[Dataset entries]

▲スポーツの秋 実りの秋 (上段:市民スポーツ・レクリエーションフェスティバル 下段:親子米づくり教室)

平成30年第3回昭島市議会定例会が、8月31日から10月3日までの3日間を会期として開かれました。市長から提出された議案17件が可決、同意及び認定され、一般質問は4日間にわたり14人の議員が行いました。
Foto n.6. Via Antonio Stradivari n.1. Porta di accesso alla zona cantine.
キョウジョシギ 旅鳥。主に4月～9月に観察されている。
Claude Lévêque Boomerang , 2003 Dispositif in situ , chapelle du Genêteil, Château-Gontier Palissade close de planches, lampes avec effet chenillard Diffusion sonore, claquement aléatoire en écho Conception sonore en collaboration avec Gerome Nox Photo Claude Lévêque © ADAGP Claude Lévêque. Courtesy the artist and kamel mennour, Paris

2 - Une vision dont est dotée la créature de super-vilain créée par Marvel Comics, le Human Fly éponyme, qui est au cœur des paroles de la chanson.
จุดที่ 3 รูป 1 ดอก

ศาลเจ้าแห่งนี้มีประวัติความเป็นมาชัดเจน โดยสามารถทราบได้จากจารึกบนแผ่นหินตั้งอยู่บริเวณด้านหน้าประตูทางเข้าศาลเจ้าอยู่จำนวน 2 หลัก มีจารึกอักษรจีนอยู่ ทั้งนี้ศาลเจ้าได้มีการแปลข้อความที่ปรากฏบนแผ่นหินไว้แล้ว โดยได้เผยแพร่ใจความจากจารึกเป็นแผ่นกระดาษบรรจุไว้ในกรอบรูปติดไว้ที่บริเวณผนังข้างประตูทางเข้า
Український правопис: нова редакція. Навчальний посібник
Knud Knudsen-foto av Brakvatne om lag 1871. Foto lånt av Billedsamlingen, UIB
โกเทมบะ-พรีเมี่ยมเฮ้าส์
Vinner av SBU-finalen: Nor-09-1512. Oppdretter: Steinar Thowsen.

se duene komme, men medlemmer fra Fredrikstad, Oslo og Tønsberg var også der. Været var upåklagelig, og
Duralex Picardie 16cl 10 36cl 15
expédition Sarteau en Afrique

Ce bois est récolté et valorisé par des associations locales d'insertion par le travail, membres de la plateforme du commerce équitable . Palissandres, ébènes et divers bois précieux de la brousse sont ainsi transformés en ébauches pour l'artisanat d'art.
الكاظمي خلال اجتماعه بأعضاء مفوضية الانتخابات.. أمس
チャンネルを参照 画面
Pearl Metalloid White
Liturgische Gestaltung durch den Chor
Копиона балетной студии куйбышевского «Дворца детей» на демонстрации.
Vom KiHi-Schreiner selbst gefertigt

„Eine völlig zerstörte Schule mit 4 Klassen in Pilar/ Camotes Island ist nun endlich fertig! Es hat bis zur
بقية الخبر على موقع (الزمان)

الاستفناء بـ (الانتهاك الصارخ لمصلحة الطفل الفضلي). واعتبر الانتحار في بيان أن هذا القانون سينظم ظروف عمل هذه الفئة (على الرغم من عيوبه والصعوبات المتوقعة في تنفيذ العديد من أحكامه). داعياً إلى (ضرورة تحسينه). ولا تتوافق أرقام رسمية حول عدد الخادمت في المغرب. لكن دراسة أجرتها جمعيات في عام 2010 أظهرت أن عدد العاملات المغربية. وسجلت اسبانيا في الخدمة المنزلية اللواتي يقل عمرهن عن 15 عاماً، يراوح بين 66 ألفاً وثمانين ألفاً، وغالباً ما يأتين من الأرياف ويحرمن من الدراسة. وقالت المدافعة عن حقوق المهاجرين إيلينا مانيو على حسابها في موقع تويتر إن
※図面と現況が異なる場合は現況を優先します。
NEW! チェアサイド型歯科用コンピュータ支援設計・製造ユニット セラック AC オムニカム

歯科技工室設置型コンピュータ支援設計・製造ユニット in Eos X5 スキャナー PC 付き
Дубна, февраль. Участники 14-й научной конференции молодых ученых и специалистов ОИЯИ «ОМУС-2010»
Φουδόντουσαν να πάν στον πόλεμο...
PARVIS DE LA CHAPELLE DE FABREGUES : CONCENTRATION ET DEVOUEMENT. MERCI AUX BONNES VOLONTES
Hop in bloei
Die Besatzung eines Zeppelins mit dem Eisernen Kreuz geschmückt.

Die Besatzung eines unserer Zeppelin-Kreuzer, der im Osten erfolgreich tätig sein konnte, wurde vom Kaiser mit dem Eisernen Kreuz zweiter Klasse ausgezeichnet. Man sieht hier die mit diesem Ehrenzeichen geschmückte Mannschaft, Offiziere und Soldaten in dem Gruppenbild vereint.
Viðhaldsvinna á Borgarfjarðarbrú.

◆ **Task objective**:
Find every line above that contains the word "Kreuz", and return each one.

◆ **Written response**:
Die Besatzung eines Zeppelins mit dem Eisernen Kreuz geschmückt.
Die Besatzung eines unserer Zeppelin-Kreuzer, der im Osten erfolgreich tätig sein konnte, wurde vom Kaiser mit dem Eisernen Kreuz zweiter Klasse ausgezeichnet. Man sieht hier die mit diesem Ehrenzeichen geschmückte Mannschaft, Offiziere und Soldaten in dem Gruppenbild vereint.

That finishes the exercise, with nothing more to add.